----- RECORD EXCERPTS

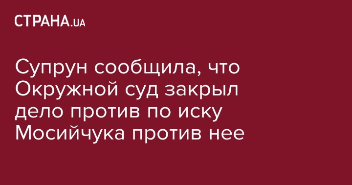 Супрун сообщила, что Окружной суд закрыл дело против по иску Мосийчука против нее
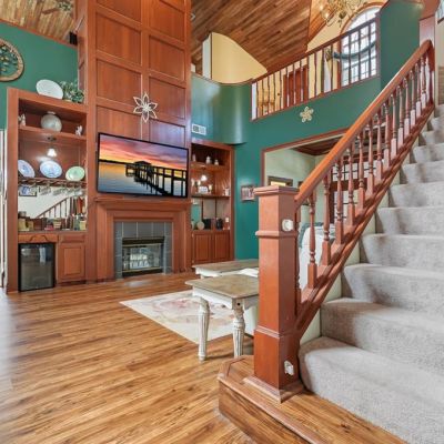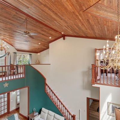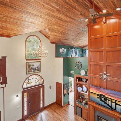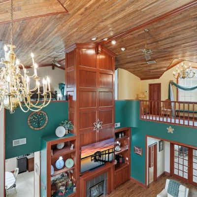 Built-in Features, Ceiling Fan(s), Dry Bar, Dumbwaiter, Eating Space In Kitchen, High Ceilings, PrimaryBedroom Upstairs, Skylight(s), Solid Surface Counters, Split Bedroom, Stone Counters, Vaulted Ceiling(s), Walk-In Closet(s), Wet Bar, Window Treatments
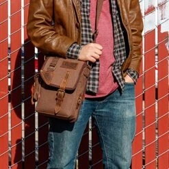 GEARONIC 14″ 15″ 17″ Men’s Messenger Bag Laptop Satchel Vintage Shoulder Military Crossbody … (17
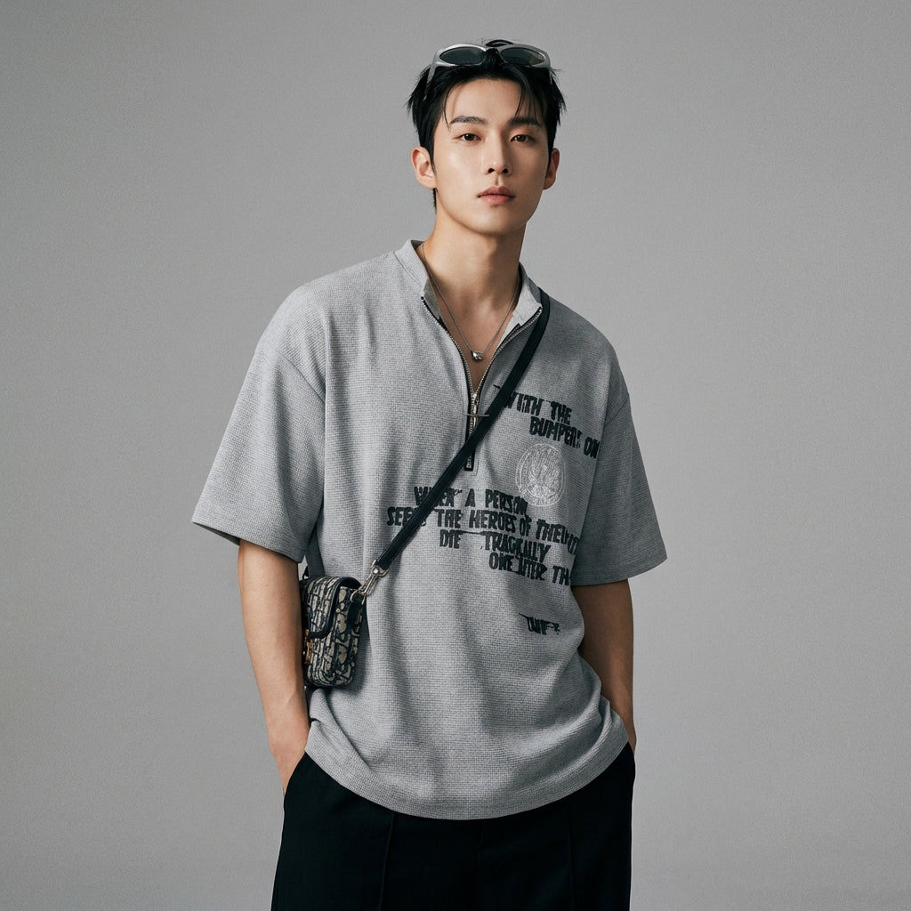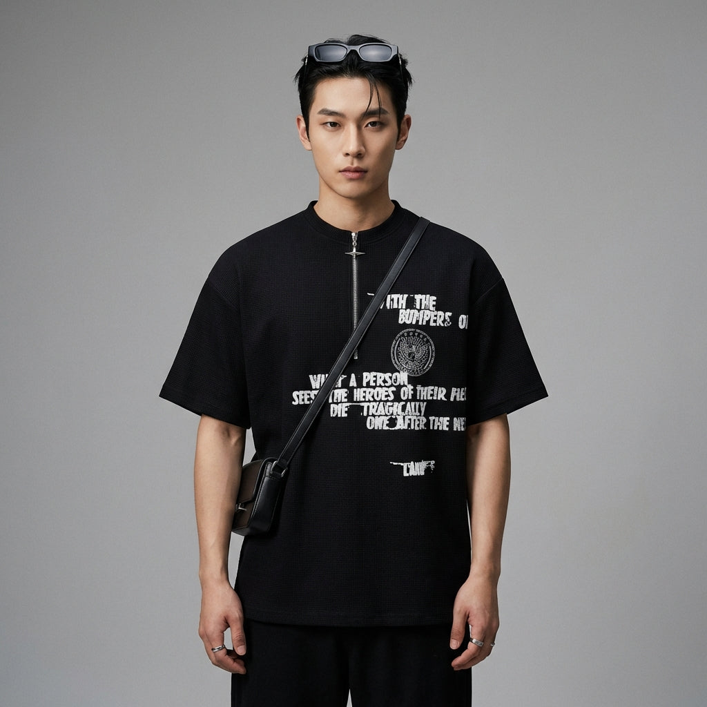 Betonen Sie Ihren urbanen Stil mit unserem kurzärmeligen T-Shirt mit Rundhalsausschnitt, halbem Reißverschluss und lockerer Passform. Dieses trendige Oberteil ist perfekt für einen lässigen und modernen Look, ideal für all Ihre Sommerausflüge! 👕
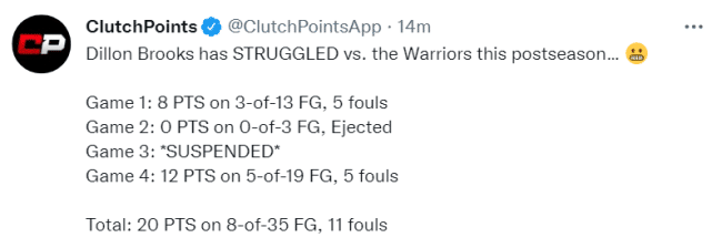 clutchpoints随后吐槽了狄龙的系列赛的糟糕表现,写道:“他在今年季后赛对勇士的系列赛里太挣扎了……“
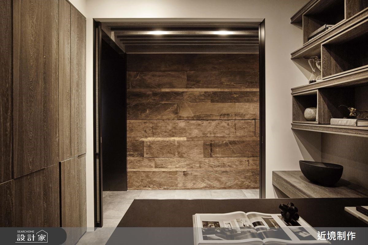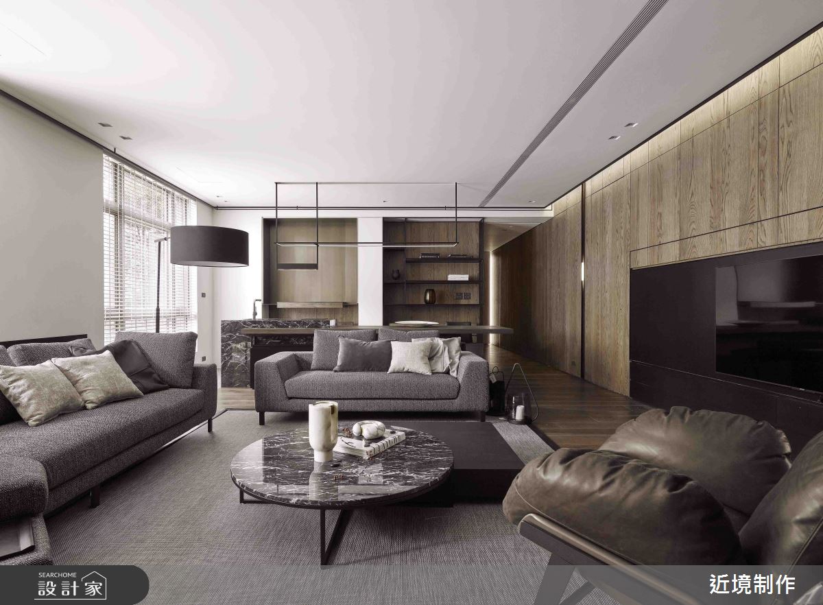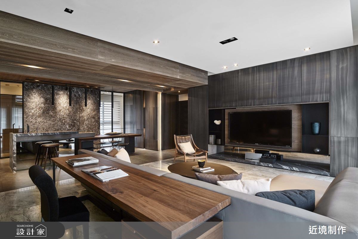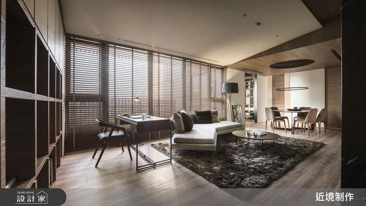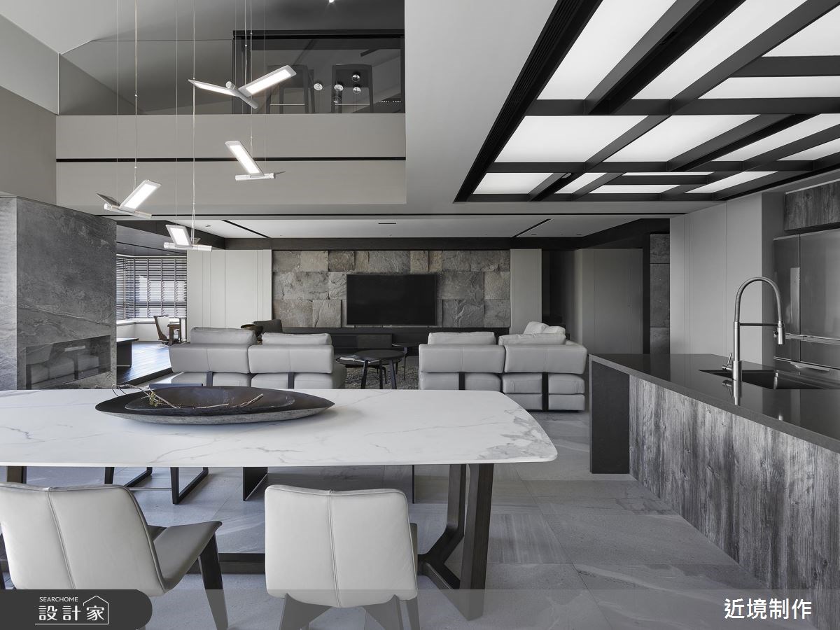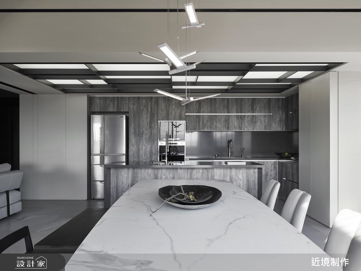 立體的空間中,人們的視角是由許多連續的平面建構起的畫面,而透過生活行為,才能更近一步感受到設計美學更深一層的語彙。在67坪的空間中,以鋼刷木皮與銅刷橡木作為空間基調,藉由鋪設面積的安排以及手染色澤的變化,堆砌出空間層次。在木皮溫潤平順的質感下,設計師以黑鐵組織燈飾與家具,讓空間像是繪畫的勾勒手法,刻畫出設計的細膩度,凸顯立體感以及線性張力。 場域的配置上,將傳統神明廳的造型轉化,調配深度與寬度的比例,安置於中島後方,讓突兀的神明桌自然的與空間融為一體。美學包覆機能的設計概念,在空間中的幾何吊燈、壁面燈飾以及收納、浴鏡等等細節表露無遺;跳脫擺放位置的限制,以場域相連的思維創造新的空間關係,讓每個家具、材質的關聯性更緊密,卻又能凸顯每一個平面的視覺美感。 小編的最愛 沈穩的木質調餐廚中島,將大理石與原木兩種不同特質的材質完美銜接在一起,雖然色系與材料十分精簡,卻藉由線段詮釋出豐富的空間表情。銅刷木皮的紋理深刻而耐人尋味;家具的比例恰如其分地安置於空間內,浮動的線,帶給人的卻是無比平靜的體驗。
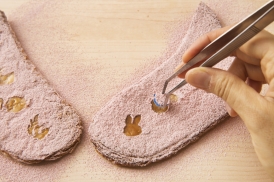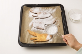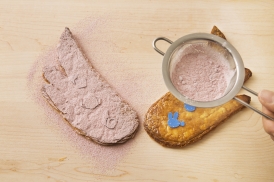 型紙を外すときは、型を抜いた部分に粉糖がこぼれないようにピンセットなどを使ってそっと平行に移動させてね。
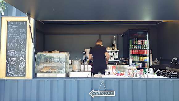 Kleine Taverne und ein Imbiss (mit gutem Kaffee) gegenüber vom Hotel Mediterranean Village Hotel & Spa.
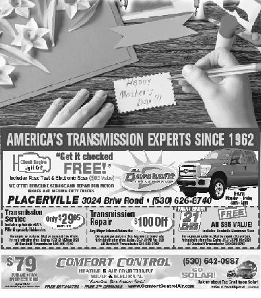 If you would like your delivery temporarily put on hold, call our of ce at least one week prior to the rst day to be stopped. You can also visit our website at mtdemocrat.com, scroll to the bottom and select “Customer Service.” MISSED DELIVERY Call 530-344-5000. If you have not received your paper leave us a message, we’ll return your call. SUBSCRIPTION RATES Call (530) 344-5000 to subscribe 3 mos. 6
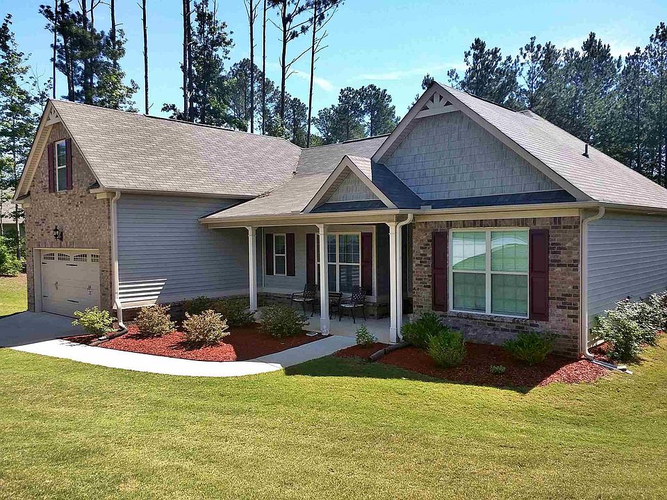 COUNTRY FRONT PORCH-FOUR BEDROOMS WITH THREE FULL BATHS-LOTS OF TRIM WORK, GRANITE KITCHEN,HARDWOOD FLOORS , SPLIT BEDROOM PLAN, DINING ROOM. Teen Suite with bath upstairs. Quiet private backyard . Highly sought-after community. 5 minutes from I-75
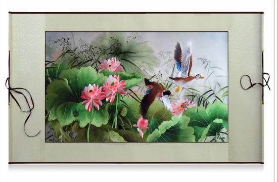 【嬌古蘇繡】蘇繡軟裱掛畫、雁弄荷花圖、裝飾精品畫/送領導
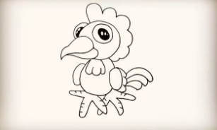 接着画出公鸡的嘴巴.嘴巴头部尖尖的微微向下弯曲着。
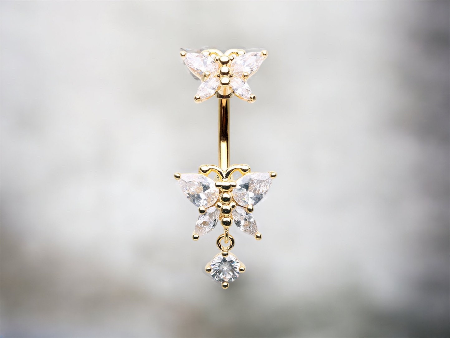Dainty double butterfly top and bottom with dangling clear gem belly button ring.
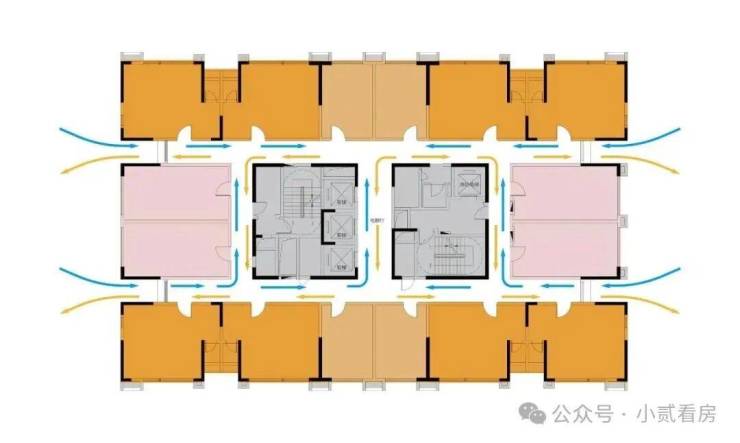 摒弃传统单过道,采用双环通走廊,极大提升通风采光
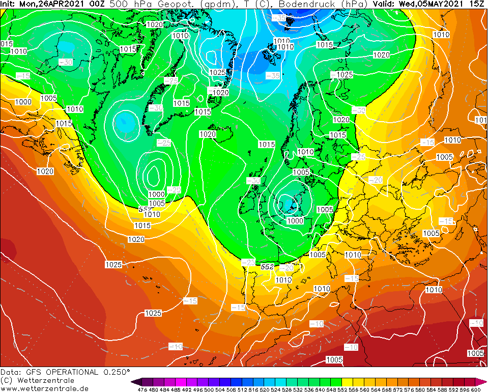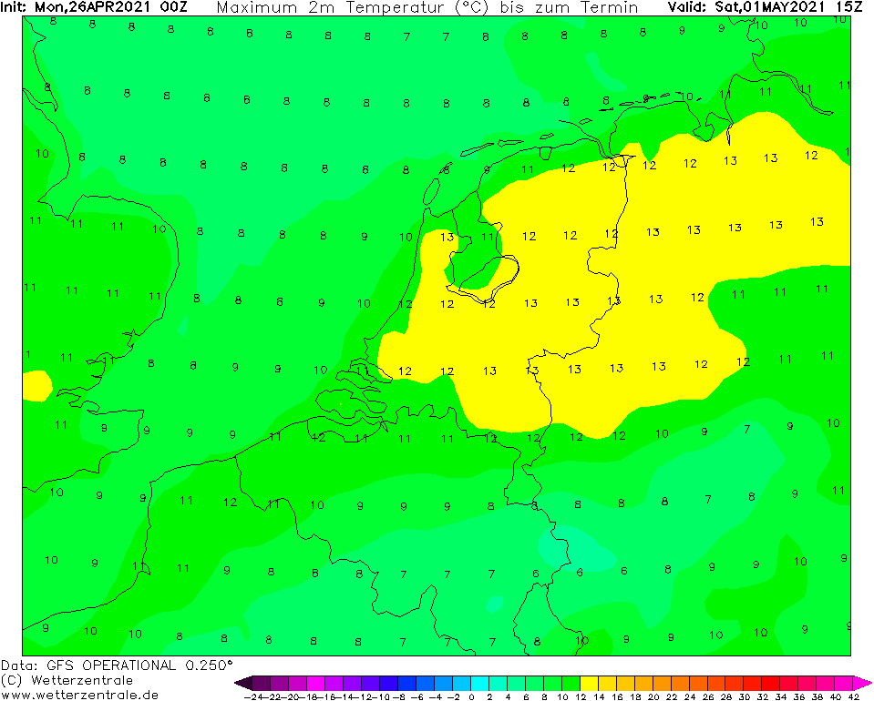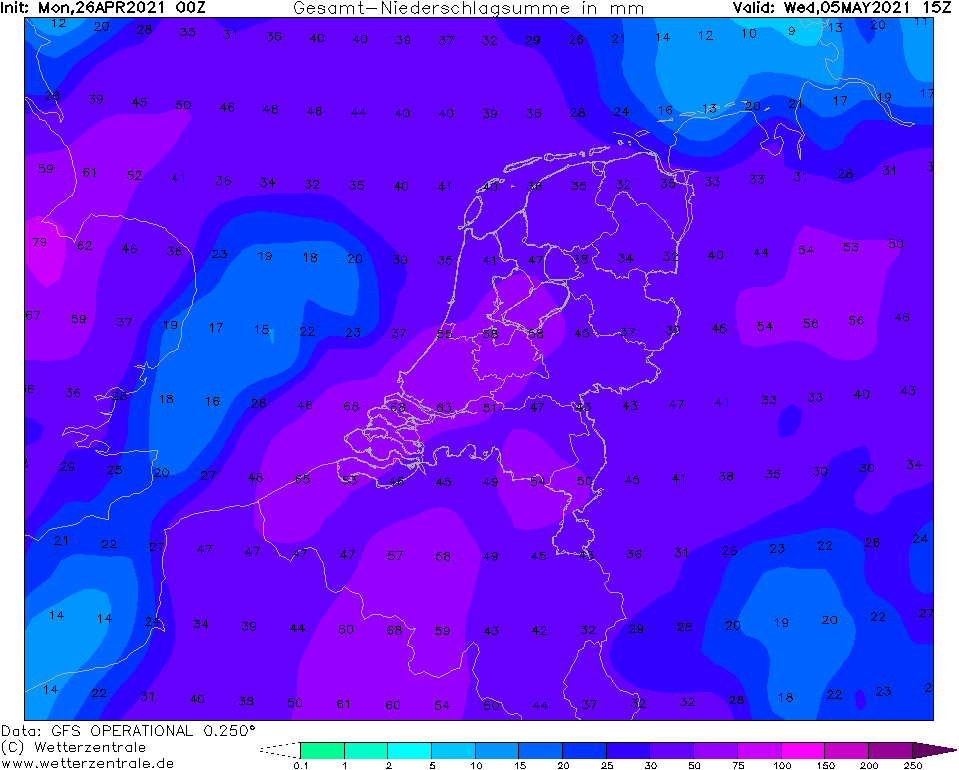 Rond Bevrijdingsdag tolt er zelfs een depressie boven onze omgeving. Komende 10 dagen heerlijke neerslagsommen, geen kans op significante neerslagtekorten.
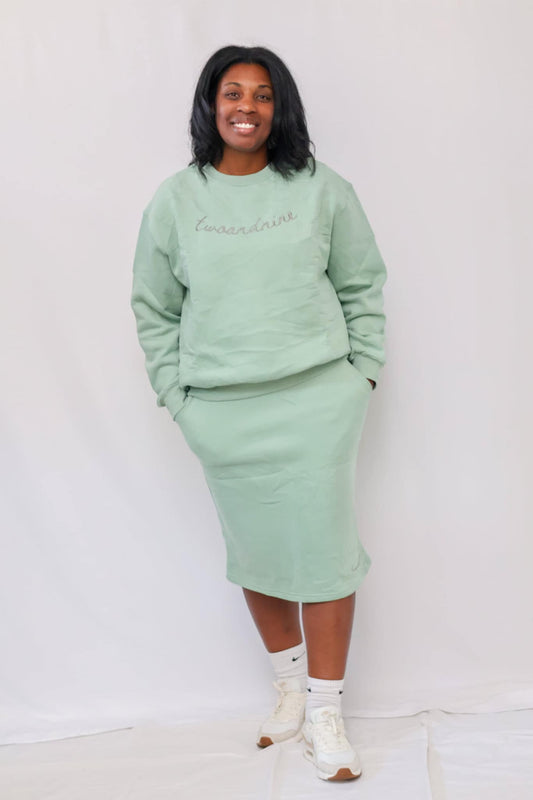 Two & Nine | Modest Cozy Sweatshirt & Skirt Set | Cream Fleece Lounge Set for Women

----------

• _TASK ITEM_
Give again exactly the lines running from the beginning of the material above through the line that contains "Kleine Taverne und", and leave out every picture.

• _TASK RESULT_
 Супрун сообщила, что Окружной суд закрыл дело против по иску Мосийчука против нее
 Built-in Features, Ceiling Fan(s), Dry Bar, Dumbwaiter, Eating Space In Kitchen, High Ceilings, PrimaryBedroom Upstairs, Skylight(s), Solid Surface Counters, Split Bedroom, Stone Counters, Vaulted Ceiling(s), Walk-In Closet(s), Wet Bar, Window Treatments
 GEARONIC 14″ 15″ 17″ Men’s Messenger Bag Laptop Satchel Vintage Shoulder Military Crossbody … (17
 Betonen Sie Ihren urbanen Stil mit unserem kurzärmeligen T-Shirt mit Rundhalsausschnitt, halbem Reißverschluss und lockerer Passform. Dieses trendige Oberteil ist perfekt für einen lässigen und modernen Look, ideal für all Ihre Sommerausflüge! 👕
 clutchpoints随后吐槽了狄龙的系列赛的糟糕表现,写道:“他在今年季后赛对勇士的系列赛里太挣扎了……“
 立體的空間中,人們的視角是由許多連續的平面建構起的畫面,而透過生活行為,才能更近一步感受到設計美學更深一層的語彙。在67坪的空間中,以鋼刷木皮與銅刷橡木作為空間基調,藉由鋪設面積的安排以及手染色澤的變化,堆砌出空間層次。在木皮溫潤平順的質感下,設計師以黑鐵組織燈飾與家具,讓空間像是繪畫的勾勒手法,刻畫出設計的細膩度,凸顯立體感以及線性張力。 場域的配置上,將傳統神明廳的造型轉化,調配深度與寬度的比例,安置於中島後方,讓突兀的神明桌自然的與空間融為一體。美學包覆機能的設計概念,在空間中的幾何吊燈、壁面燈飾以及收納、浴鏡等等細節表露無遺;跳脫擺放位置的限制,以場域相連的思維創造新的空間關係,讓每個家具、材質的關聯性更緊密,卻又能凸顯每一個平面的視覺美感。 小編的最愛 沈穩的木質調餐廚中島,將大理石與原木兩種不同特質的材質完美銜接在一起,雖然色系與材料十分精簡,卻藉由線段詮釋出豐富的空間表情。銅刷木皮的紋理深刻而耐人尋味;家具的比例恰如其分地安置於空間內,浮動的線,帶給人的卻是無比平靜的體驗。
 型紙を外すときは、型を抜いた部分に粉糖がこぼれないようにピンセットなどを使ってそっと平行に移動させてね。
 Kleine Taverne und ein Imbiss (mit gutem Kaffee) gegenüber vom Hotel Mediterranean Village Hotel & Spa.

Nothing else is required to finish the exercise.